With just hours to go before the FIFA U-17 World Championship (kick-off Friday 16 September), hosts Peru are preparing to defy the odds. If carrying a nation's hopes at a time when the country is crying out for sporting success were not difficult enough, the team also have the weight of history against them. In the 20 years the tournament has been running, only three host nations have won their opening game - the same number to have made it past the first round. Ecuador, Egypt and Finland are the only host nations to have got off to a winning start at the FIFA U-17 World Championship. The case of Scotland, who held the 1989 edition, is also noteworthy. They only managed a draw in their opening game but went on to finish runners-up after losing the decider to Saudi Arabia on penalties. Aside from these teams, the hosts have not traditionally enjoyed the best of fortune at this level. Perhaps not surprisingly then, Peru's Argentine-born coach José Pavoni prefers not to dwell too much on historic trends. "If we paid too much attention to those statistics, then we wouldn't even show up for the tournament," he told FIFA.com from his base in Trujillo. His reticence is understandable when you consider that first up for his young charges are Ghana, the two-time world champions and perennial title candidates. "We'll be facing a team that are very physical, but that could work in our favour. They're very fast and dangerous on the bre! ak, but we have high expectations. My boys have assimilated all the physical, technical and tactical work we've been doing."

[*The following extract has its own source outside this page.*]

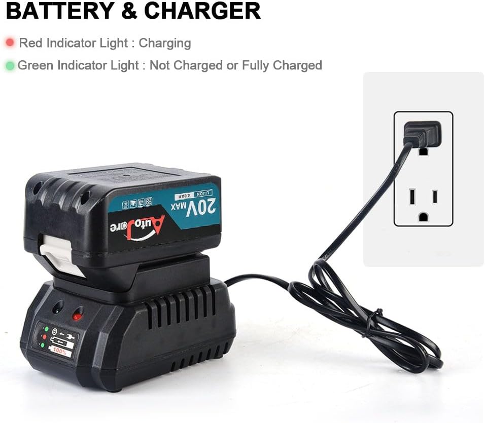 • Powered by the 20V voltage, 4.0AH Lithium-ion battery for strong and steady power and endurable run time, which is supplied with the battery charger, simple and convenient to charge; To Get Extra Batteries, Search B07PJG71HY on Amazon.

Pavoni is not the only person talking up the host nation's chances as the big day approaches. Teófilo Cubillas, one of Peruvian football's most iconic figures and member of FIFA's Technical Study Group, has already gone on record as saying: "The boys have no need to feel overawed by anyone. They are capable of getting results, even more so when you take into account the home support." Christian Ramos Garagay, captain of the home side, seems to have taken on board Cubillas's words: "We know we're up against a very strong opponent (in Ghana), but we're a more resilient side now." Anyone doubting the captain's words need only look at the fiercely contested 2-2 draw Peru played out with reigning African champions Gambia in last Wednesday's friendly in Lima.
Despite being top seeds in Group A, the hosts face the equally challenging Costa Rica and China in their second and third games. Pavoni, for his part, said that while people need to realise that "all 15 visiting sides would provide stiff opposition", the challenge posed by their three group opponents would be "completely different - right from the way they experience things to the way they play the game." The coach also spoke about the significance of the public support in Trujillo, a coastal city seemingly a world away from the grey skies of Lima. "Here you can really feel the atmosphere of the tournament, right from the organisation to the expectations of people on the street. Whether or not the boys are attuned to just what all this means, it's a bit too early to say. We'll just have to wait and see how they perform on the pitch," says the coach.
Come Friday, the time for talking will be over and Peru will embark on their first FIFA U-17 World Championship adventure. Far from being cowed, the young Incans are preparing for battle in the hope that the unstinting support of the coaching staff and their public will enable them to change the course of their country's sporting history. Speaking recently, the President of the Peruvian Football Federation, Manuel Burga, summed up the challenge and the opportunity that lay ahead: "It won't be an easy task, but we have to put our faith in the boys. After all, this side eliminated no less a team than Argentina in the qualifying tournament." Right now, Peru's destiny is firmly in their own hands, and as coach Pavoni put it so succinctly, "no one can stop us from dreaming".